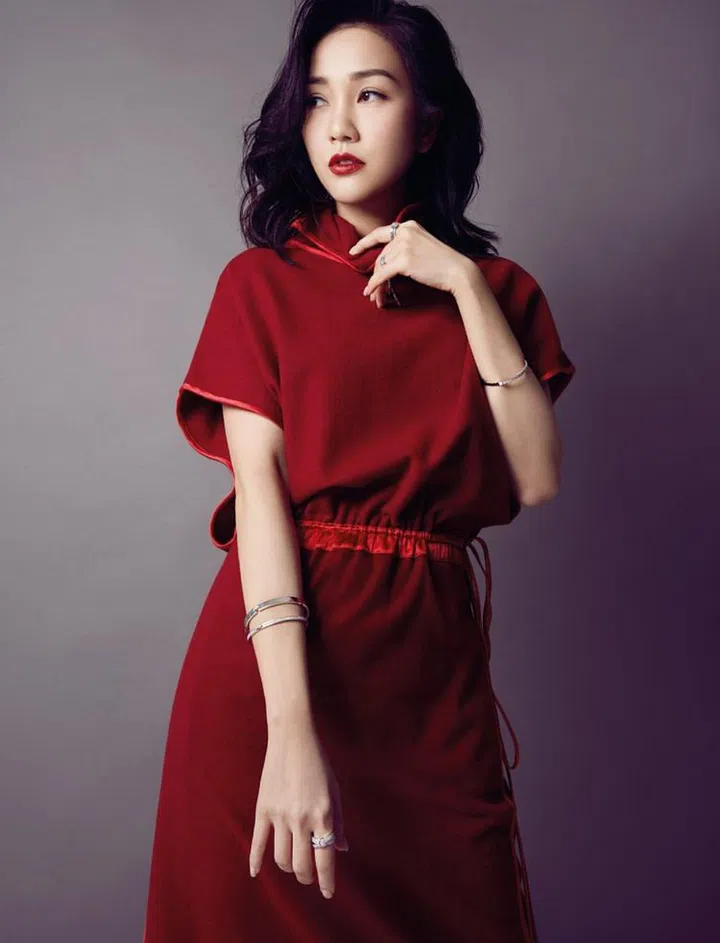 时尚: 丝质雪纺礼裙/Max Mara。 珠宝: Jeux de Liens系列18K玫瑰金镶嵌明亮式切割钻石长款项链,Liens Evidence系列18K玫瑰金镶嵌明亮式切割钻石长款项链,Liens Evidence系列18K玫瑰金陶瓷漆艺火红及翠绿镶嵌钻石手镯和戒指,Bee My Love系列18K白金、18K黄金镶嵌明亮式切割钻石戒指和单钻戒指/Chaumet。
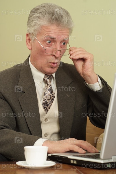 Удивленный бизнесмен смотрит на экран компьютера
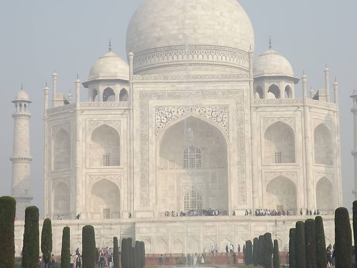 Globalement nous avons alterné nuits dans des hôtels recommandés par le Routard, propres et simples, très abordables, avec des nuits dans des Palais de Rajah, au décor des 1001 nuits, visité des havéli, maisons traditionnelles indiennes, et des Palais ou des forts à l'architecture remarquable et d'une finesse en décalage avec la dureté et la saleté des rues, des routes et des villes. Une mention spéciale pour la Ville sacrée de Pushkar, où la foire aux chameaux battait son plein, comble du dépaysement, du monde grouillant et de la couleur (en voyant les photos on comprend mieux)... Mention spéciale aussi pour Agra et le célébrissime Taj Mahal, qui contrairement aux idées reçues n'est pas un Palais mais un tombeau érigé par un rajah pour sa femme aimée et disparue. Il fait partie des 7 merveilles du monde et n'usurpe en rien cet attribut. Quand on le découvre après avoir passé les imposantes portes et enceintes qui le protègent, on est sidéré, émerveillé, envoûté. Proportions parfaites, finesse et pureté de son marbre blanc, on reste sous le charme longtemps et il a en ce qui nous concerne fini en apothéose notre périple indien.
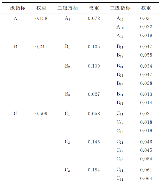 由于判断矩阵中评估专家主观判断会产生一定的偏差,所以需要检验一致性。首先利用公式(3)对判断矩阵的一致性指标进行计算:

::::

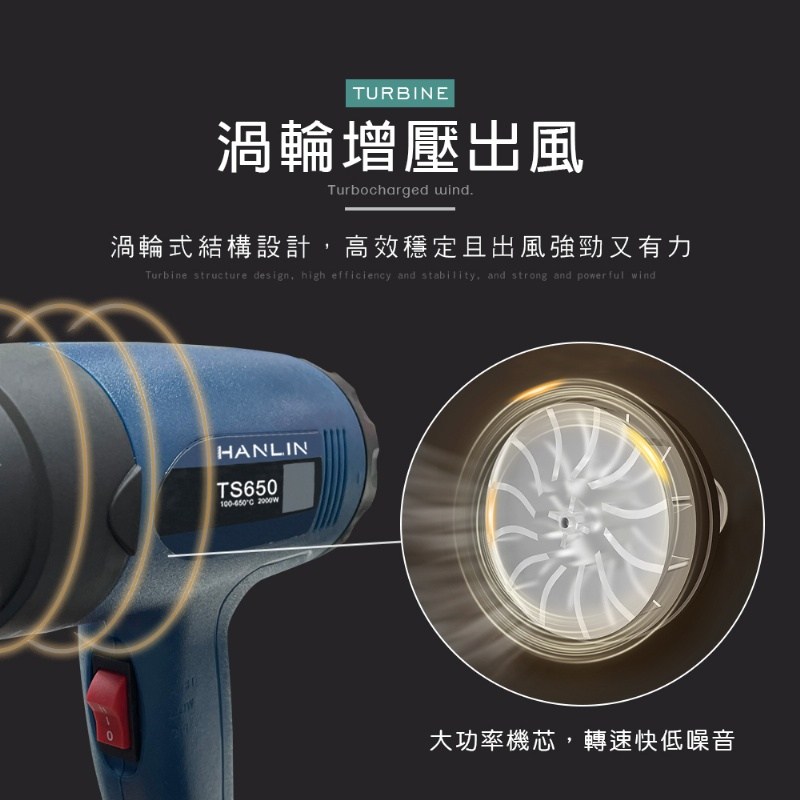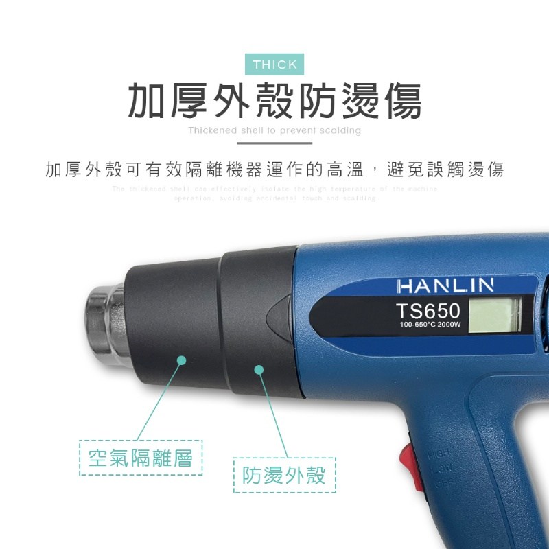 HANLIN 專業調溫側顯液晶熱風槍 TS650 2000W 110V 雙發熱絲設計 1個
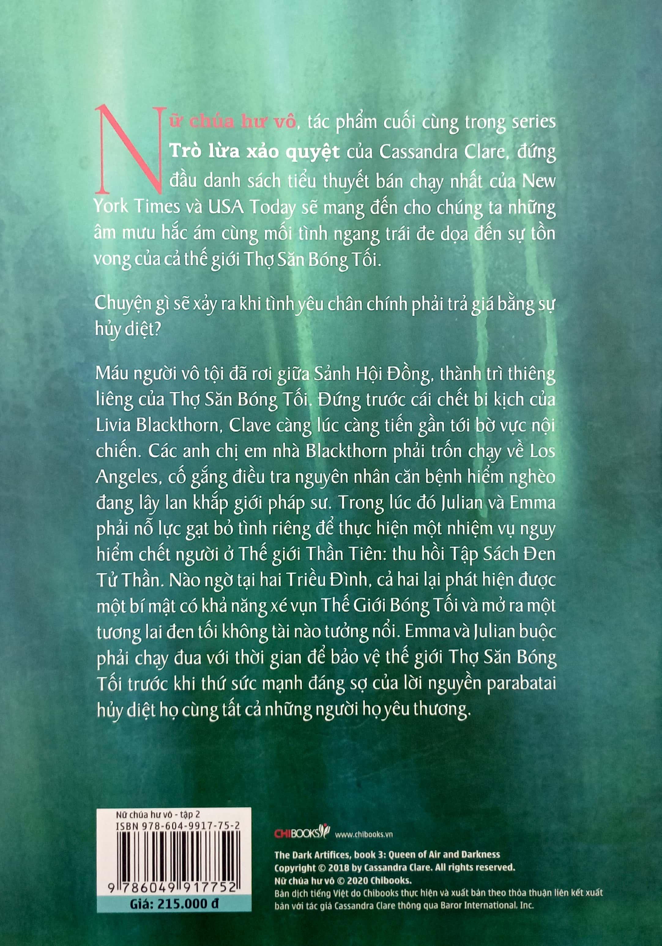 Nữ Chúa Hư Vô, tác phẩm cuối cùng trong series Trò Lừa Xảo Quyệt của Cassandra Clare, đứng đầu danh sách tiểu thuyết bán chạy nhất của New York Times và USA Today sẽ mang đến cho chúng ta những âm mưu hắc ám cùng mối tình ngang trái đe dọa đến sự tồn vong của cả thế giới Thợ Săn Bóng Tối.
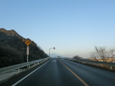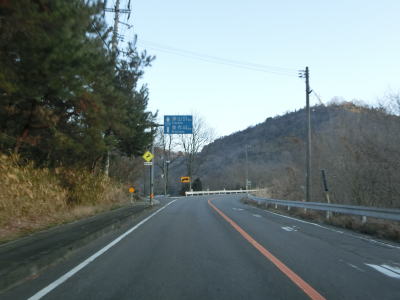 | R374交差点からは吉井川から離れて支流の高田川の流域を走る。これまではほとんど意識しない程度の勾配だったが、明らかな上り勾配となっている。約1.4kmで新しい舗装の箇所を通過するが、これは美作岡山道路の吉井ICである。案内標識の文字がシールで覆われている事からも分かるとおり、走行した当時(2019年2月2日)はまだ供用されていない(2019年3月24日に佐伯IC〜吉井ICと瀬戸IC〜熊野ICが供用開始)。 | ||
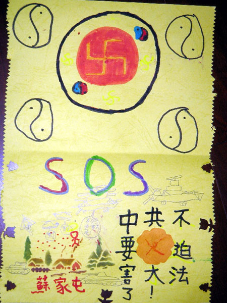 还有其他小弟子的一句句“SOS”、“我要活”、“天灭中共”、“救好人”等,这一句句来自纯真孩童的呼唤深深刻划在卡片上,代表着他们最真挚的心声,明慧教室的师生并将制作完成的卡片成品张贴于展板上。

::::

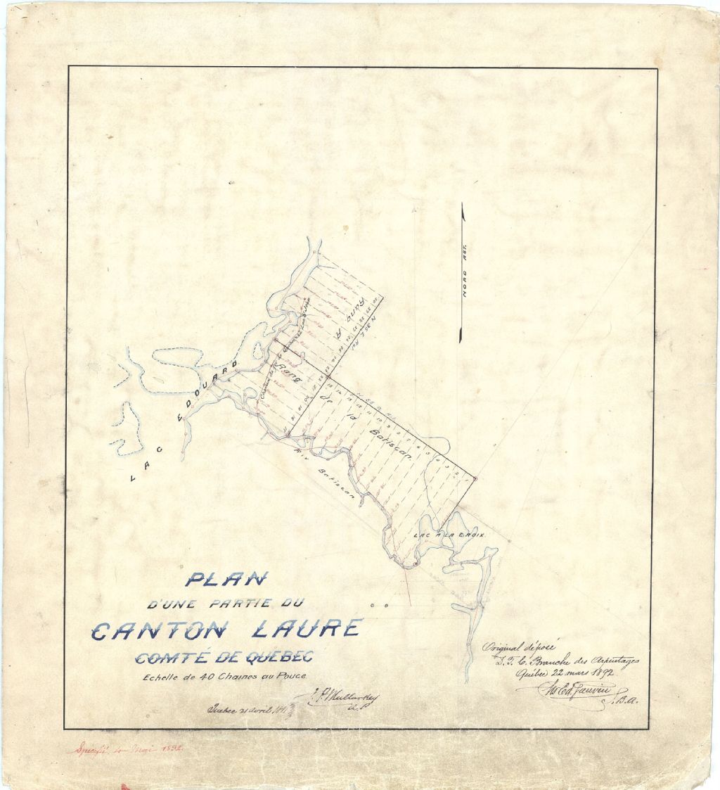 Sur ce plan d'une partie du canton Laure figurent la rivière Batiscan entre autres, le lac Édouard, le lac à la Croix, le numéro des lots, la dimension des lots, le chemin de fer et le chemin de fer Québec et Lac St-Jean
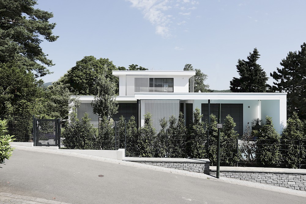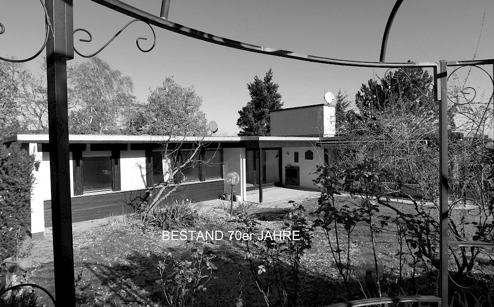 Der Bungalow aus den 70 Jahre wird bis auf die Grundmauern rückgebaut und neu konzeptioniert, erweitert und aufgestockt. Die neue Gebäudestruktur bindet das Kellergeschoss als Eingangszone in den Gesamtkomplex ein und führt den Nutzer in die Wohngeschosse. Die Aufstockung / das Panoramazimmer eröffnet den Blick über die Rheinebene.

::::

When copying from the data above, begin at the line containing "时尚: 丝质雪纺礼裙/Max Mara。" and end at the line containing "Удивленный бизнесмен смотрит"; return those lines exactly and leave all pictures behind.

Written solution:
 时尚: 丝质雪纺礼裙/Max Mara。 珠宝: Jeux de Liens系列18K玫瑰金镶嵌明亮式切割钻石长款项链,Liens Evidence系列18K玫瑰金镶嵌明亮式切割钻石长款项链,Liens Evidence系列18K玫瑰金陶瓷漆艺火红及翠绿镶嵌钻石手镯和戒指,Bee My Love系列18K白金、18K黄金镶嵌明亮式切割钻石戒指和单钻戒指/Chaumet。
 Удивленный бизнесмен смотрит на экран компьютера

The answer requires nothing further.